TASK DETAILS >> Every line of the listing belongs in your answer exactly as written; the images do not.
━━━ THE DATA
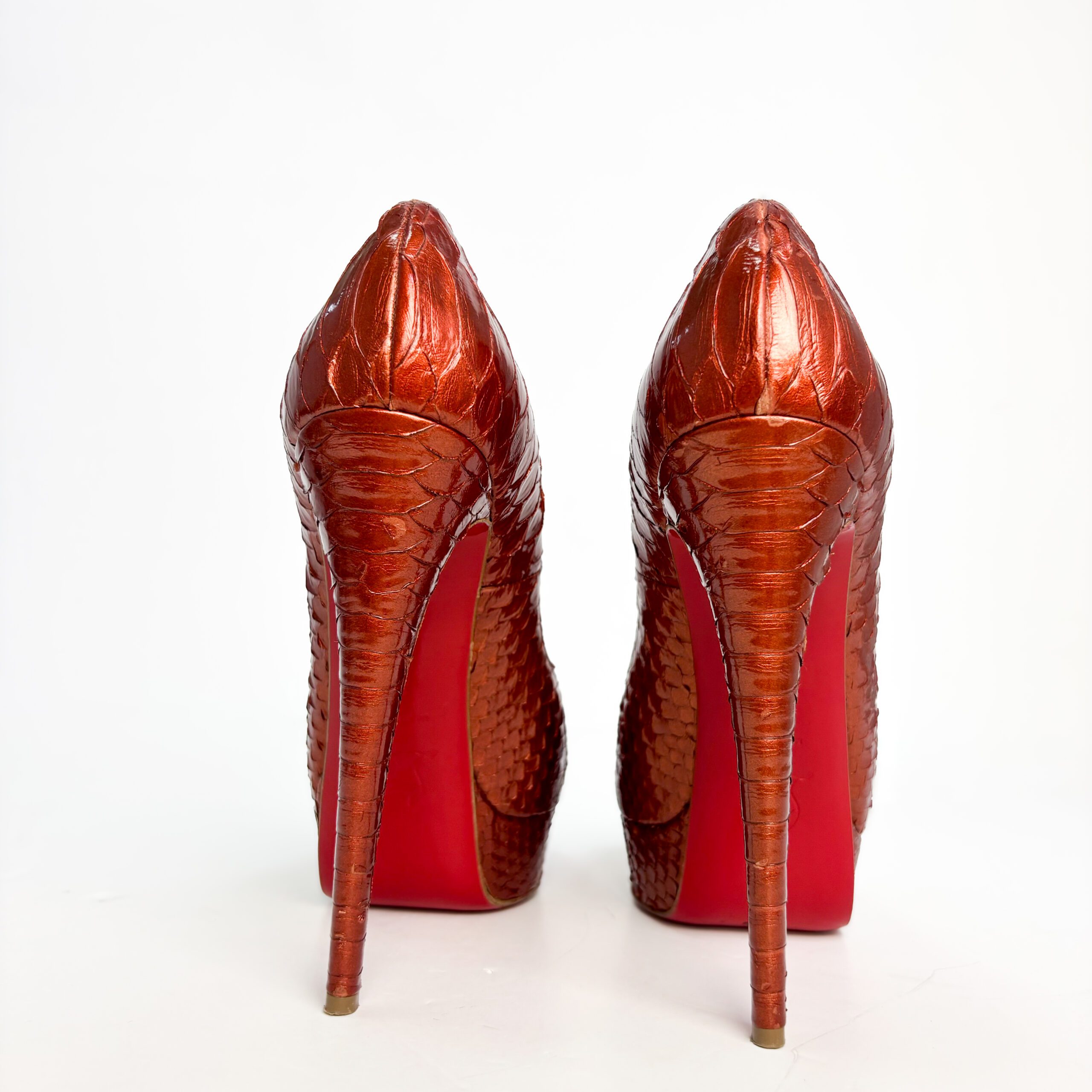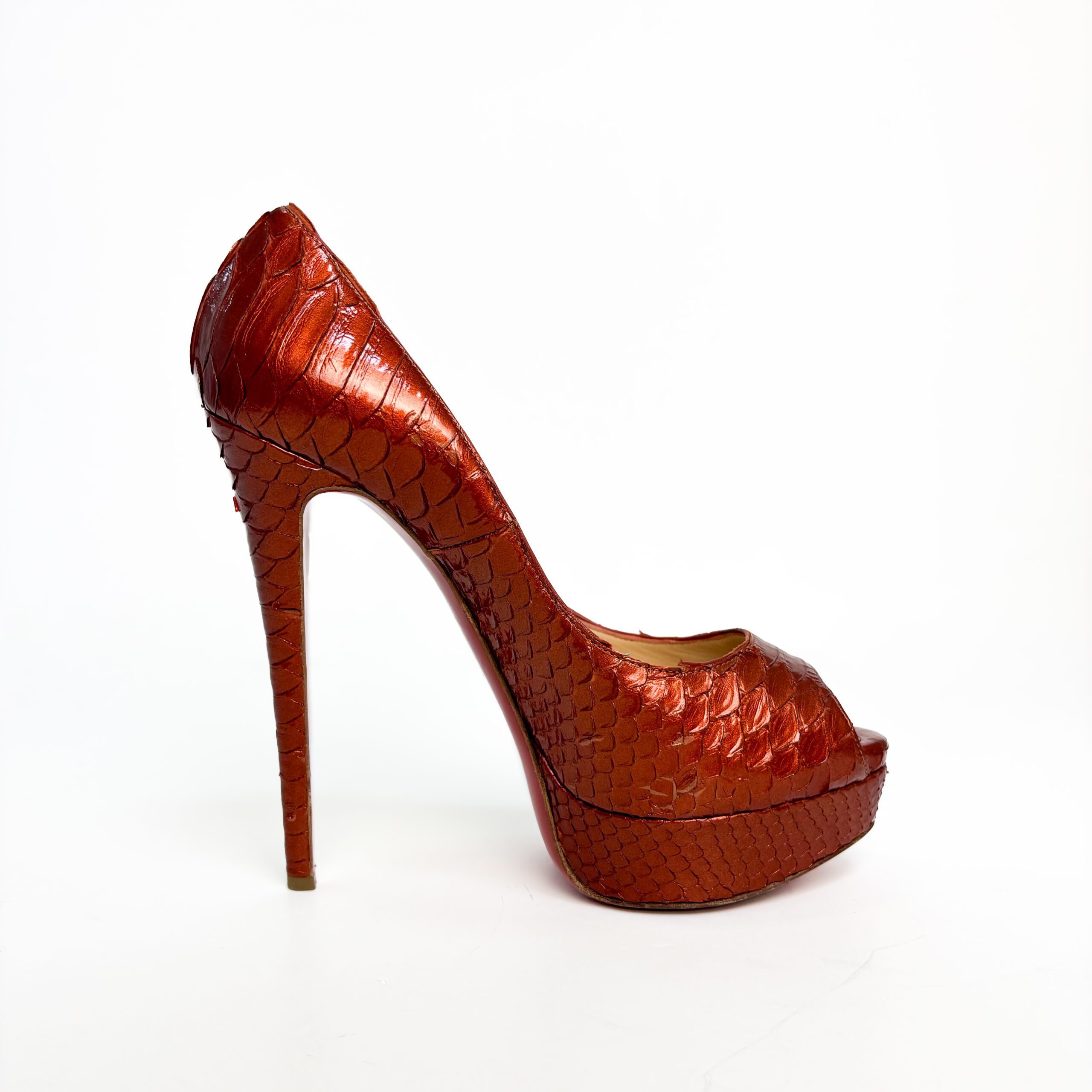 Christian Louboutin Dark Orange Python Leather Lady Peep Pumps β Size 39
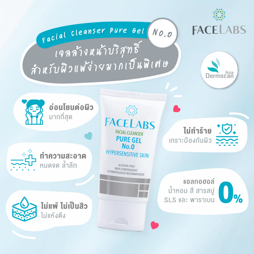 (แพ็คคู่) เจลล้างหน้า ผิวแพ้ง่าย FACELABS Cleanser Pure Gel No.0 50 ml. คลีนเซอร์ผิวแพ้ง่าย อ่อนโยน ไม่ระคายเคือง
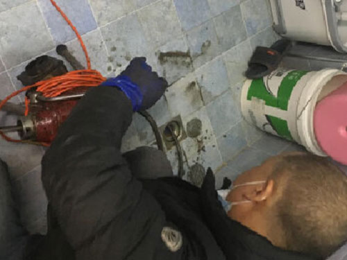 6.靠近角筏接一條足以通到堵點的軟管,把軟管放進地漏至塞不進去,然后用毛巾盡量堵住地漏口,而后開完角筏水量,同時用力壓住地漏口毛巾盡量不讓水往外返。反復一至二次能通則通,不通及止。
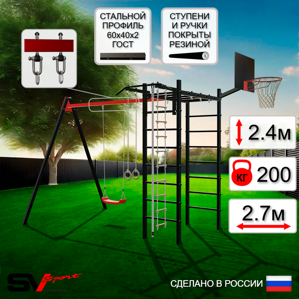 Уличный спортивно-игровой комплекс Sv Sport с качелями изготовлен из профильной трубы 60х40 мм, толщиной 3 мм (балка качелей), 2 мм (опоры и рукоход). Крепление опор изготовлено из пластины, толщиной 5 мм. Окрашен уличный спортивно-игровой комплекс качественной, импортной порошковой краской в 2 слоя, которая устойчива к истиранию и температурным перепадам. Все торцы, болты, гайки закрыты пластиковыми заглушками отличного качества. Использующиеся болты и гайки оцинкованы и соответствуют требованиям ГОСТ. Устанавливается спортивно-игровой комплекс путем бетонировки на глубину не менее 600 мм (опоры рукохода) и 400 мм (опоры качелей).
━━━━━━
TASK OUTPUT >>
 Christian Louboutin Dark Orange Python Leather Lady Peep Pumps β Size 39
 (แพ็คคู่) เจลล้างหน้า ผิวแพ้ง่าย FACELABS Cleanser Pure Gel No.0 50 ml. คลีนเซอร์ผิวแพ้ง่าย อ่อนโยน ไม่ระคายเคือง
 6.靠近角筏接一條足以通到堵點的軟管,把軟管放進地漏至塞不進去,然后用毛巾盡量堵住地漏口,而后開完角筏水量,同時用力壓住地漏口毛巾盡量不讓水往外返。反復一至二次能通則通,不通及止。
 Уличный спортивно-игровой комплекс Sv Sport с качелями изготовлен из профильной трубы 60х40 мм, толщиной 3 мм (балка качелей), 2 мм (опоры и рукоход). Крепление опор изготовлено из пластины, толщиной 5 мм. Окрашен уличный спортивно-игровой комплекс качественной, импортной порошковой краской в 2 слоя, которая устойчива к истиранию и температурным перепадам. Все торцы, болты, гайки закрыты пластиковыми заглушками отличного качества. Использующиеся болты и гайки оцинкованы и соответствуют требованиям ГОСТ. Устанавливается спортивно-игровой комплекс путем бетонировки на глубину не менее 600 мм (опоры рукохода) и 400 мм (опоры качелей).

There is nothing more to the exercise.